Она и не помнит теперь толком, о чем они говорили дальше, пока спускались на лифте, выходили из подъезда на улицу: вся была как не своя. Видит лишь: дядя обгоняет ее, идущую по тротуару, на черной «Волге», оборачивается и машет с заднего сиденья рукой… Когда она вернулась в общежитие и рассказала обо всем Лене, та даже присвистнула: «Везет же тебе! Ты теперь, считай, уж поступила? А я…» — Она махнула рукой.

Но ничья помощь им не понадобилась, обе хорошо сдали экзамены и набрали проходной балл…

Надя лежит, закинув руки за голову. Взгляд ее неподвижно прикован к матовому плафону под потолком. Она почти не видит и не слышит Лену.

— Ну, хватит, хватит! Вставай!

Лена уже надела свое единственное выходное темно-красное шерстяное платье и теперь безжалостно теребит густые светлые волосы ежом массажной щетки. Лоб ее при этом морщится, глаза страдальчески прищурены, уголки губ уползли вверх, а на щеках проступили ямочки — вроде и плачет и улыбается одновременно. Наконец бросает расческу на квадратный стол, стоящий посередине комнаты, приказывает:

— Вставай!

— Да щас, щас!

Лена подходит к окну, прислоняется к подоконнику, скрещивает на груди руки. С минуту молчит, смотрит на улицу, потом роняет:

— Ну так что? Разбежимся по гостям?

— Неудобно…

Лена опять молчит, опять смотрит в окно, не меняя позы, и вдруг говорит бодро, даже весело:

— А чего тут неудобного? Я наконец-то познакомиться приду, а ты навестить!

— Хм, навестить… Я у них, считай, уж года полтора не была.

— Ну и что? Некогда было! Семинары, сессии, стройотряды, то да сё!

— Ле-ен! Что они, глупые?

— Брось ты! Они и не подумают! Пришла и пришла…

— Ну ты же сама меня только что в семнадцатую не пустила! А к родственникам лучше, что ли?

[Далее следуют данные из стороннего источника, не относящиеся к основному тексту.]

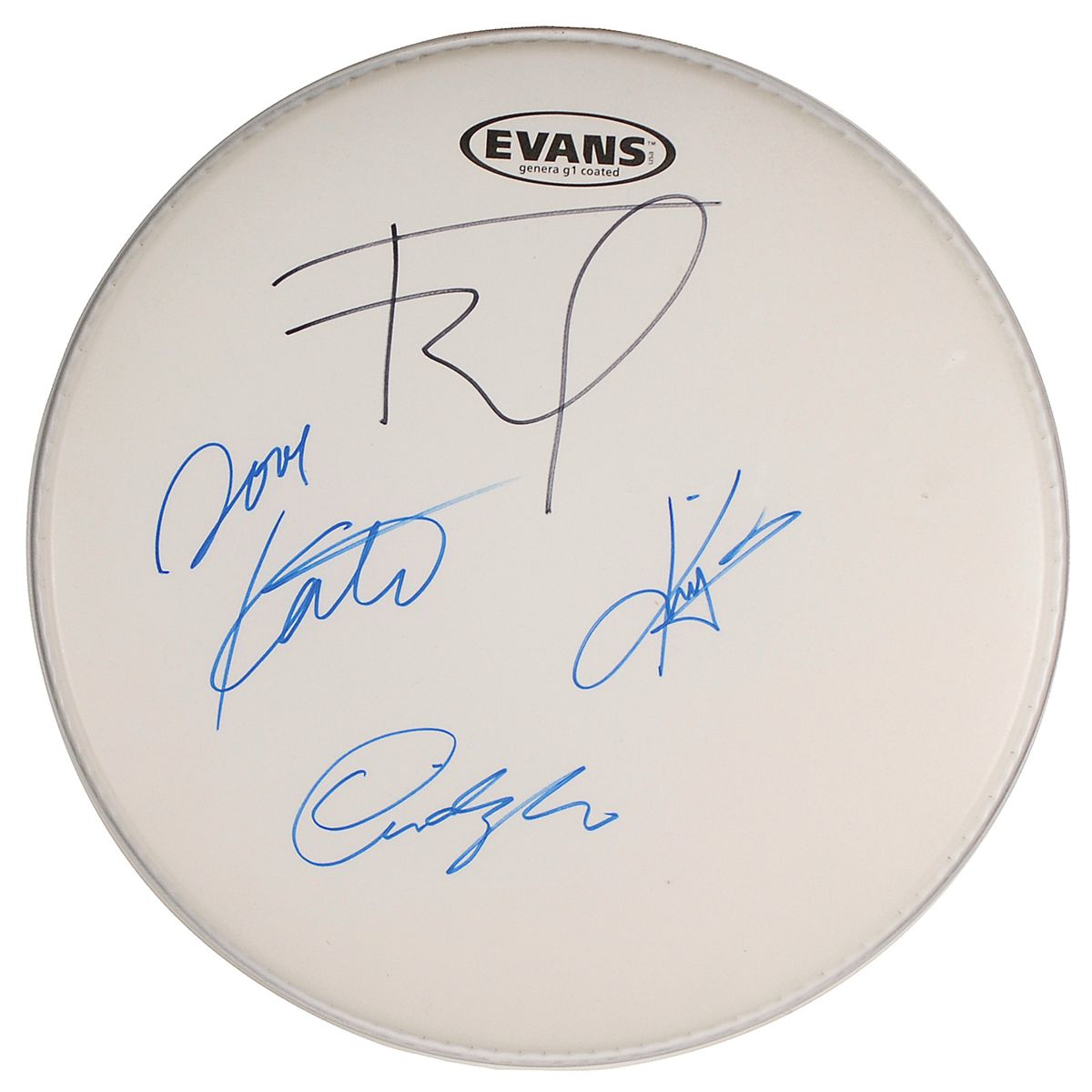 Unused 14? coated Evans drumhead, signed in black felt tip by Fred Schneider and in blue felt tip by Kate Pierson, Cindy Wilson, and Keith Strickland. In fine condition, with a few spots to right side.

Ленка снова задумывается, но через минуту пружинисто отталкивается от подоконника, все так же со скрещенными на груди руками поворачивается спиной к окну, садится на низкий подоконник, выпрямив длинные ноги; из-под платья выглядывают острые коленки. Она хитро улыбается.

— Ты, конечно, права-а… Но! — Ее правый кулак с напряженно выпрямленным указательным пальцем взлетает к виску. — Это все-таки ро-одственники! Тут есть нюанс… Салина откажет — и все. С нее взятки гладки. А тут… Тут, между прочим, сложнее… Понимаешь?

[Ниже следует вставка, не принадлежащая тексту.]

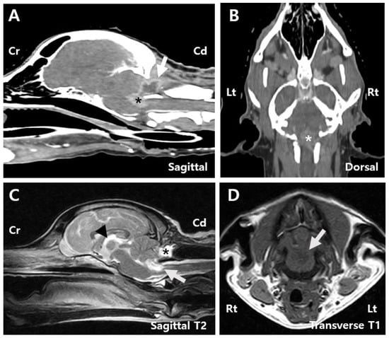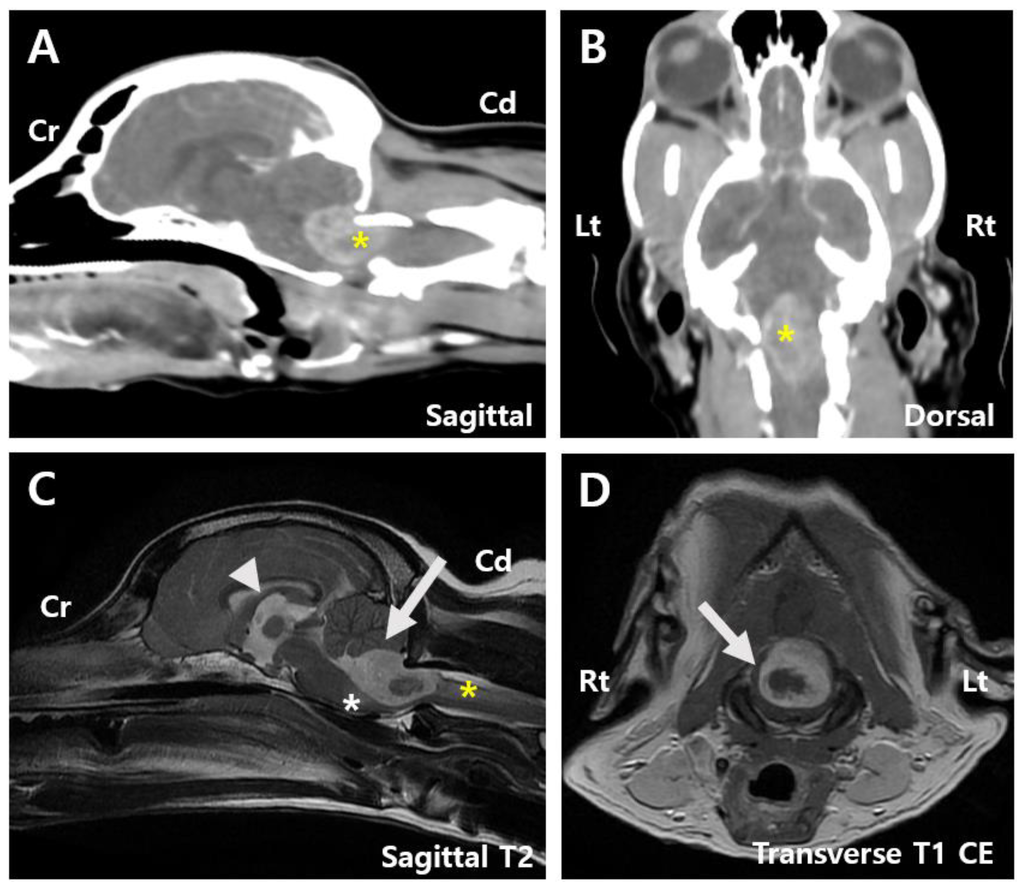 Pre-surgery images. (A) Sagittal computed tomography (CT) image of the patient showing a tumor measuring 1.4 cm × 2.2 cm (asterisk). (B) Dorsal CT image showing a tumor measuring 1.4 cm × 2.2 cm (asterisk). (C) Sagittal T2-weighted magnetic resonance imaging (MRI) image displaying mild dilation of the 3rd ventricle (arrowhead), compression of the cerebellum by the mass (arrow), and edematous changes extending to the adjacent brainstem (white asterisk) and C2 spinal cord (yellow asterisk). (D) Transverse T1-weighted contrast-enhancement magnetic resonance imaging (MRI) image suggesting a hematoma within the tumor (arrow). Cd, Caudal; CE, Contrast-enhancement; Cr, Cranial; Lt, left; Rt, right.

— Понимаю, что и тут и там стыда не оберешься!

Ленка неожиданно кричит:

— Да я тебя что, сотню посылаю у них занимать?! Чего стыдиться-то?! Придешь да уйдешь, и ни копейки не попросишь!

— А чё идти-то тогда?

— Да хоть поешь, и то дело! Что ж они, нелюди, что ли, и не накормят уж?!

Нервный смешок, будто электрический заряд, сотрясает Надину грудь и плечи.

— Ну ты чертовка! — Надя мотает головой. — Накормить-то уж, поди, накормят…

— Ну и все! Нам больше ничего и не надо! Собирайся давай! Давай-давай, живо! — Лена подскакивает к кровати, тормошит Надю и припевает: — Давай-давай, живо! Купи бутылку пива! Да выпьем поскорее, чтоб было веселее! — Она подталкивает Надю в умывальник, потом за руку тащит обратно в комнату, беспорядочно кидает ей то платье, то сапоги, вот распахнула пальто, придерживая его за плечики, как швейцар в ресторане. — Обслуживание — высший класс!

— Откуда у тебя что и берется? — ворчит Надя.

Ленка смеется:

— A-а! Не знаю! Мамка у меня в молодости тоже заводная была! На гулянках плясала лучше всех; как рукой поведет да каблуками ка-ак даст! Вот так. Ну? Скоро ты?

— Да постой… Дай хоть расчесаться!

— Нет, это ты постой! — Ленка кидается к столу за расческой, взбивает Надины русые, коротко стриженные волосы. — Все! Прелесть! Хоть сейчас в партер! Пошли!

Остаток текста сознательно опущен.